To do: What you give back from the listing below should be an exact copy of the lines from the one with "在明慧网 2016 年" down to the one with "Karsten Klein (MdB)", and it should contain no pictures.

Data for review:
* * * * *

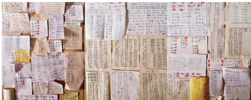
潍坊市部分市民签名举报迫害元凶江泽民

在明慧网 2016 年 6 月 4 日报道山东潍坊市两个乡镇七千人签名举报江泽民之后，从 2016 年 8 月初到现在，据不完全统计，其中一个辖区仅三个月，又有 4567 人签名举报迫害法轮功元凶江泽民。
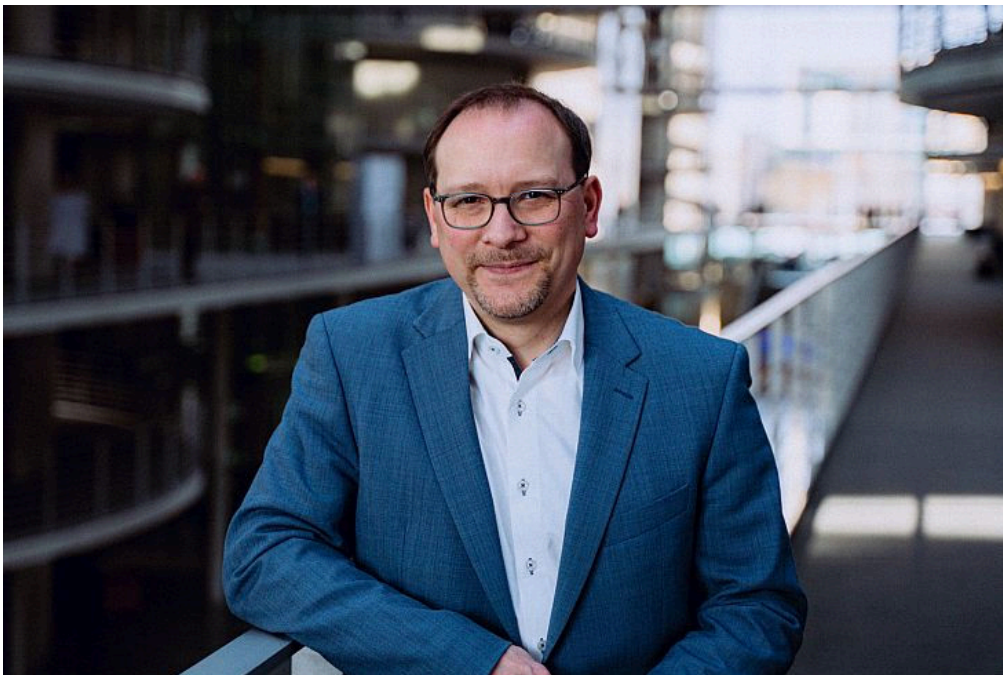
Karsten Klein (MdB)

Die Unterstützung durch den Bund war ein wichtiger Schritt, aber langfristig müssen Länder und Kommunen ihrer Verantwortung gerecht werden, um die stationäre Versorgung zu sichern und zukunftsfähig zu gestalten.
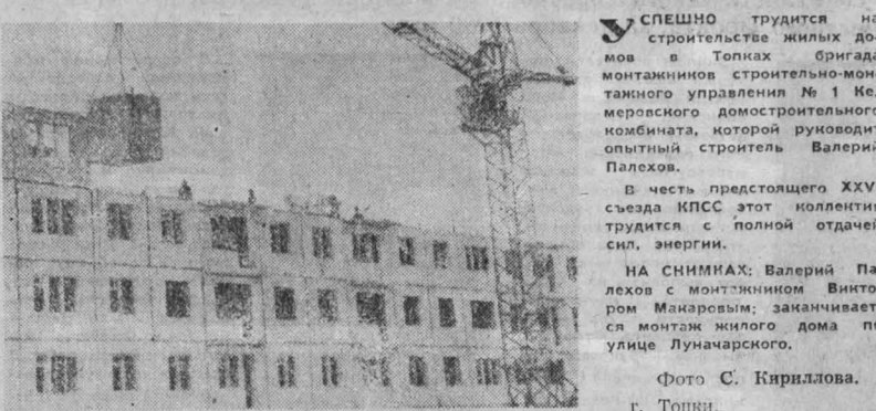
Успешно трудится на строительстве жилых домов в Топки бригада монтажников строительного управления № 1 Кемеровского домостроительного комбината, которой руководит опытный строитель Валерий Палехов.
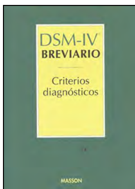
CLÍNICA 741 DSM-IV. BREVIARIO. Edita: Masson
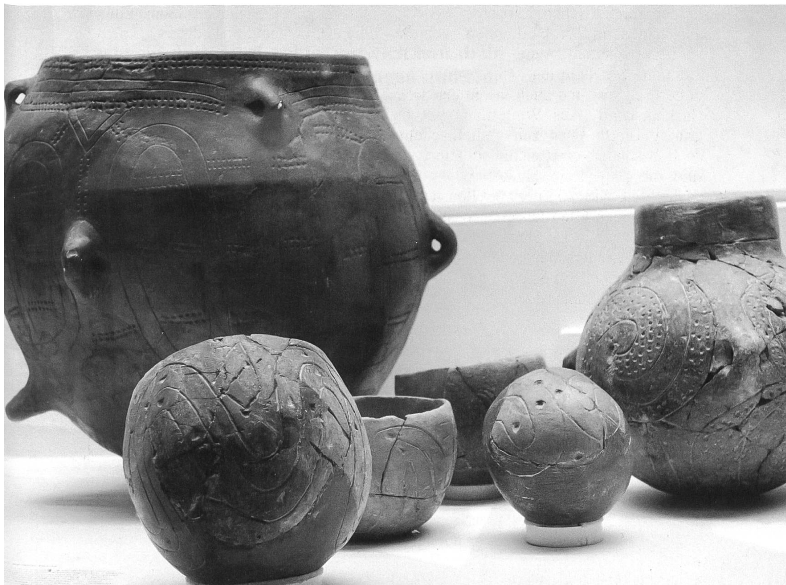
Abb. 1: Das grosse Vorratsgefäss aus der Zeit von 5500 v. Chr. liess sich dank Schnurösen leicht aufhängen, sodass sein Inhalt für hungrige Nagetiere unerreichbar war.

Die Besiedlung des Elsass erfolgte nicht erst in römischer Zeit; die ersten Spuren werden auf 600'000 v. Chr. datiert, allerdings ist über die Alt- und Mittelsteinzeit im Einzugsgebiet des Museums wenig bekannt. Die Archäologinnen und Archäologen führen dies auf die geringe Zahl der Höhlen und die Vergänglichkeit von Relikten von Freilandstationen zurück. Dagegen finden sich in der archäologischen Sammlung des Museums Funde aus der Jungsteinzeit wie auch aus der Bronze- und Eisenzeit sowie aus den Tagen der Kelten, als in der Umgebung
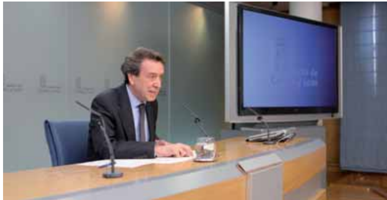
José Antonio de Santiago-Juárez durante la rueda de prensa posterior al Consejo de Gobierno.

"El Gobierno autonómico ha demostrado reiteradamente su apuesta por la mejora de las infraestructuras de la región. El anticipo de las inversiones previstas en este campo supone continuar con esta política", sentenció el consejero de la Presidencia y portavoz.
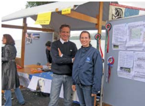
Trotz schlechtem Wetter, strahlende Standbetreuer!

Bei extrem herbstlichen Temperaturen und immer stärker werdendem Regen froren sowohl
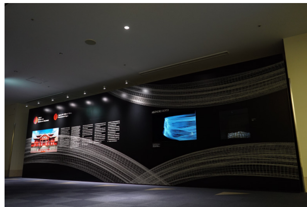
《toki- BALLET #01》展示ブース（国際線到着コンコース） ※令和2年2月16日（日）～
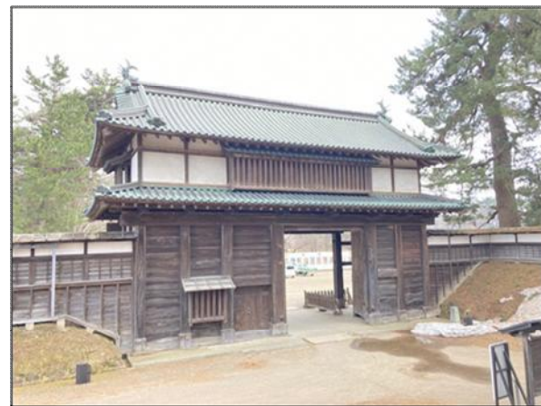
【写真1】現在の北の郭北門(亀甲門)
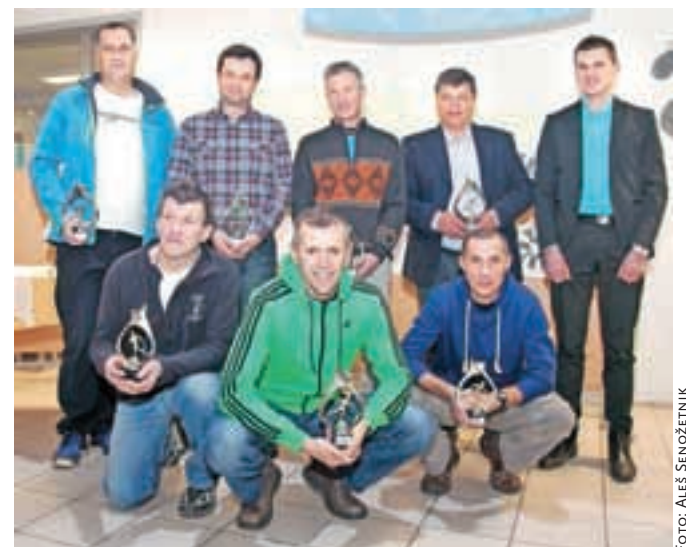
Priznanja so prejeli tudi predani organizatorji.

Tekaški pokal občine Kamnik bo potekal tudi letos, so pa organizatorji pripravili nekaj novosti. Med drugim so med člani in veterani dodali dve novi kategoriji.
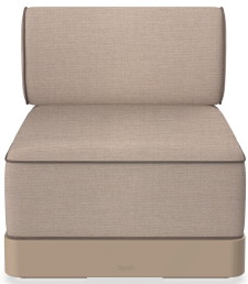
Brisa Basic Duna Coussin Mud + Mocha 06793
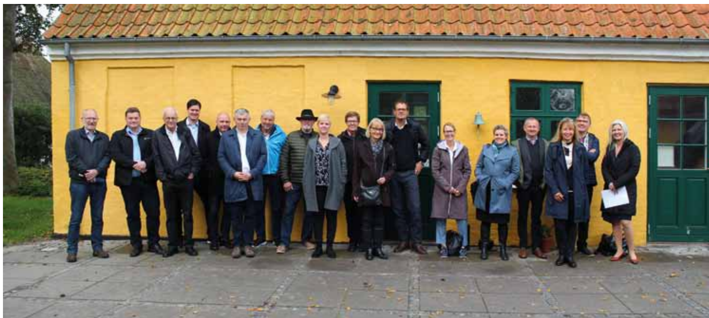
Folketingets statsrevisorer, Lyøboere og repræsentanter fra Ø-sammenslutningen, LAG Småøerne, Erhvervsstrelsen og Faaborg-Midtfyn Kommune foran Lyø Kulturhus

Folketingets statsrevisorer besøgte i september på deres indenrigsbesigtigelse, som i 2017 omhandlede udkantsområder med særlig fokus på småøers vilkår, tre af vores småøer. Statsrevisorerne var sidst på øbesøg i august 1999.
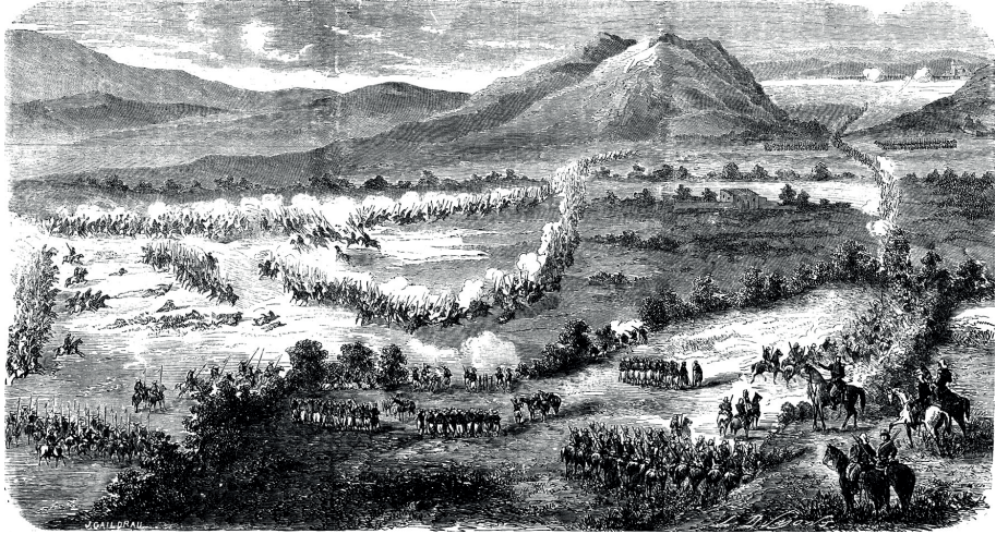
Figura 6. Combate de Atlixco, 14 de abril de 1863. Jules Gaidrau y Louis Dumont (lits.), “Ensemble topographique du combat d’Atlixco”, L’Illustration , 27 de junio de 1863
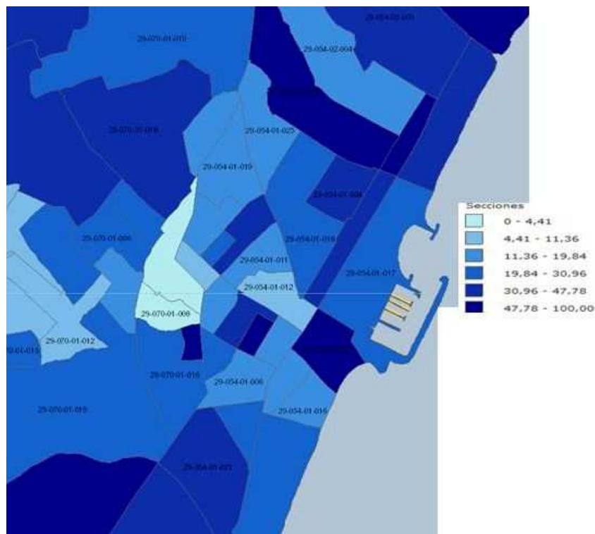
Fig. 2 “Secciones Censales Distritos 1 y 2. Fuengirola. Censo 2011”.

Si examinamos la planimetría que recoge los datos del Censo de 2011, ésta sitúa en el núcleo urbano de Fuengirola las secciones censales con mayor concentración de población inmigrante. Localiza así mismo en los extremos litorales del término municipal otras concentraciones importantes de extranjeros, estimados residentes climáticos puesto que son espacios ocupados mayoritariamente por urbanizaciones de viviendas unifamiliares, algunos identificados por Batista y Natera (2013) por la concentración de británicos.
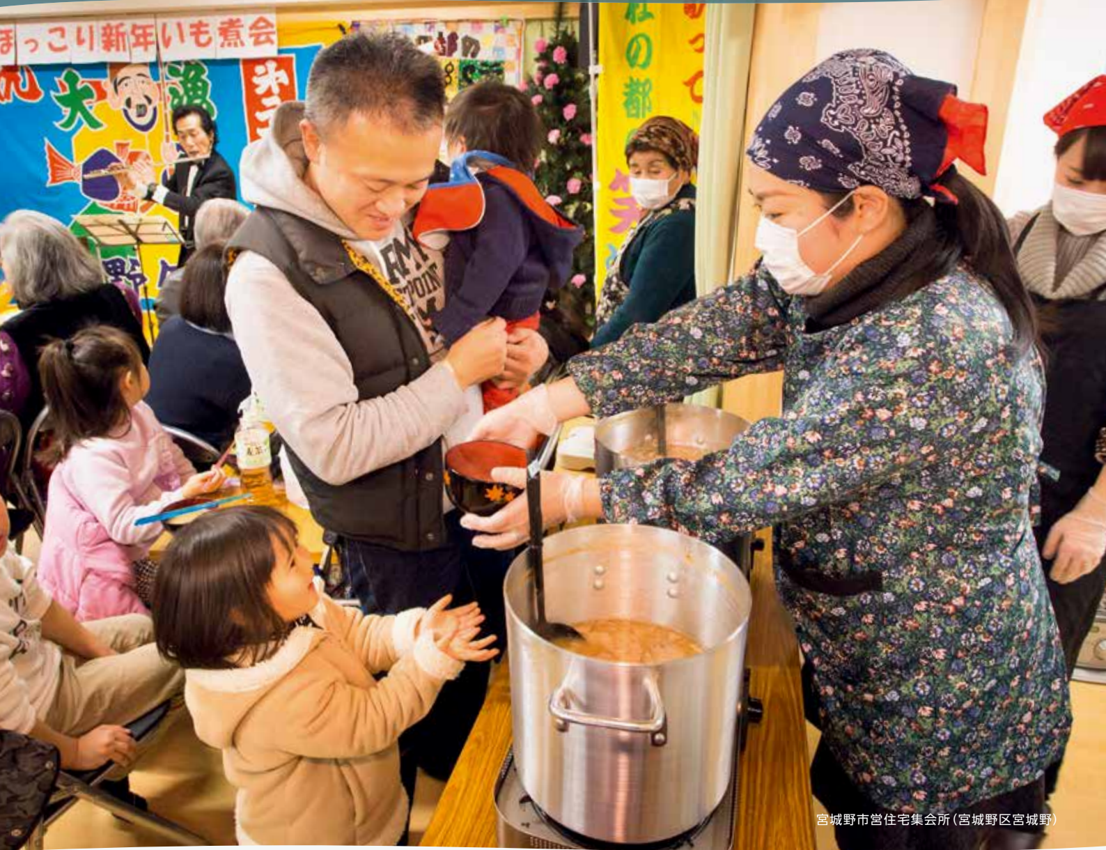
宮城野市営住宅集会所(宮城野区宮城野)

東日本大震災で被災された方々が入居する宮城野市営住宅で、住民が企画した新年会が行われました(2ページ参照)。
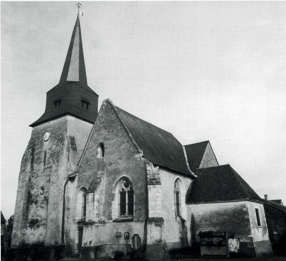
Marcé (Maine-et-Loire). Eglise Saint-Martin. 1. Plan, éch. 0,01. 2. Chevet et clocher, cl. Paillat.
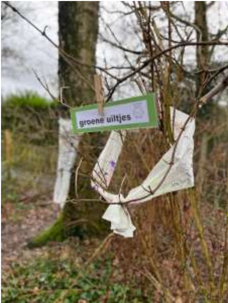
het werk van de groene uiltjes

* * * * *

Your solution:
在明慧网 2016 年 6 月 4 日报道山东潍坊市两个乡镇七千人签名举报江泽民之后，从 2016 年 8 月初到现在，据不完全统计，其中一个辖区仅三个月，又有 4567 人签名举报迫害法轮功元凶江泽民。
Karsten Klein (MdB)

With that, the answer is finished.